8. A video content reproduction device adapted to request, receive and reproduce video
contents comprising video data and metadata related to said video data, said device
characterized by:
a video content request part that creates a request condition concerning the presentation
forms of video contents, and requests video contents; and
a video decoding and reproducing part that receives video contents which are processed
into presentation forms according to said request condition, decoding and reproduces
video data of said video contents.
9. The video content reproduction device as set forth in claim 8,
characterized in that said request condition concerning the presentation forms of video contents includes,
at least, :
a request condition concerning a classification of video contents that a viewer wants
to view;
a request condition concerning tastes for forms of video contents; and
a request condition concerning data formats of video contents.
10. The video content reproduction device as set forth in claim 8 or 9, characterized in that said video content request part re-creates a video content request condition based
on metadata of said received video contents, and makes a request based thereon.

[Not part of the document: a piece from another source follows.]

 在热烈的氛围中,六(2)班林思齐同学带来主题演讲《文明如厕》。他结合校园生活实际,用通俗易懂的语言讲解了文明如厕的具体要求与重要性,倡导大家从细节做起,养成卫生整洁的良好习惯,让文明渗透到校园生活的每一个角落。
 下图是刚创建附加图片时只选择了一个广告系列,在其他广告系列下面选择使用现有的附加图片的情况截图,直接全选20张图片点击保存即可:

11. The video content reproduction device as set forth in any of claims 8 through 10,
characterized in that the metadata of said received video contents includes, at least, metadata that describes
scene structures of said video contents and a feature quantity concerning a video
signal of each individual scene; and
said video content request part re-creates a video content request condition based
on metadata that describes a feature quantity concerning a video signal of each individual
scene, and makes a request based thereon.
12. The video content reproduction device as set forth in any of claims 8 through 11,
further characterized by a video sending part that sends video data constituting component elements of video
contents.
13. A video content reproduction method adapted to request, receive and reproduce video
contents comprising video data and metadata related to said video data, said method
characterized by:
creating a request condition concerning the presentation forms of video contents,
and requesting video contents; and
receiving video contents which are processed into presentation forms according to
said request condition, decoding and reproducing video data of said video contents.
14. A metadata creation device characterized in that when video data constituting video contents is received, said device applies signal
processing to said received video contents, creates metadata that describes scene
structures of said video contents and a feature quantity concerning a video signal
of each individual scene, and registers said video data, which has been subjected
to said signal processing, and said created metadata in pairs in a video content storage
device.
15. A video content management and operation method adapted to send video contents comprising
video data and metadata related to said video data, said method characterized by: creating a request condition concerning the presentation forms of video contents;
extracting, upon a request for video contents, one or more video contents for presentation
candidates based on said request condition concerning the presentation forms of video
contents; processing said extracted video contents into video contents in the forms
to be presented, based on said request condition concerning the presentation forms
of video contents and metadata of said extracted video contents; sending said processed
video contents to a video content reproduction device according to a prescribed protocol;
and decoding and reproducing video data of said video contents which are delivered
to and received by said video content reproduction device.